You are on page 1of 4

SKETSA

Jumat, 26 September 2008


Kufur Nikmat Berbuah Pelancong Kalong

PUKUL 04.00 di Hotel Pusako, Bukittinggi, 16 September 2008. Dua puluhan orang
turis bule asal Belanda di restoran hotel tampak seakan makan sahur. Dari tamu
melayu yang sahur, hanya saya seorang diri. Pertanyaan membuncah di benak, apa
semua turis itu berpuasa?

Adegan yang sama, terulang kembali pada 23 September 2008, seusai menjadi
fasilitator Literary Journalism Wokrshop, bagi media alternatif; kampus, online,
blogger se-Sumatera. Saya amati di pukul 04.00 itu, kian banyak saja bule yang
sahur, lebih dari tiga puluh orang, semua asal Belanda. Lagi-lagi menimbulkan
tanya, apakah mereka berpuasa?

Setelah memverifikasi ke receptionist hotel, juga bertanya kepada tour guide,


“Rombongan turis itu, seusai sarapan pagi langsung berangkat naik bis kembali
menuju Medan.”

Padahal dari dua pertemuan itu, mereka saya amati umumnya chec-in ke hotel sudah
di atas pukul 19.00. Sekitar pukul 19.30 mereka makan malam. Lantas sesubuh
mungkin mereka sudah meninggalkan hotel, mengejar perjalanan berbis AC, melihat
panorama di Embun Pagi, Kelok 44, lalu menyusuri jalan darat balik ke Medan,
Sumatera Utara. “Dari Medan mereka terbang,” kata reception hotel.

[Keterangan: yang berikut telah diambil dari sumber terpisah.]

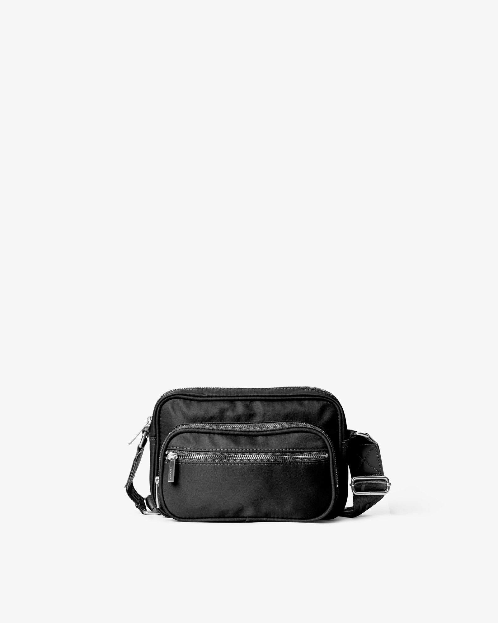 Denne taskes ydre stof og inderfor er lavet af genanvendt materiale. Tasken lukkes med en lynlås, og den har flere indvendige og udvendige lommer, så du nemt kan organisere dine sager. Den har sølv detaljer, og stroppen er justerbar, så den kan tilpasses, så du kan få den ønskede pasform.

Itu artinya; mereka hanya semalam saja di Bukittinggi, tidak menyinggahi kota
Padang, ibukota Sumatera Barat (Sumbar). Di tengah tingkat hunian hotel yang tak
sampai 30%, jangka waktu tinggal hanya hitungan jam, tiada lain kalimat yang dapat
dilontarkan: Malang benar nasib pariwisata Sumbar!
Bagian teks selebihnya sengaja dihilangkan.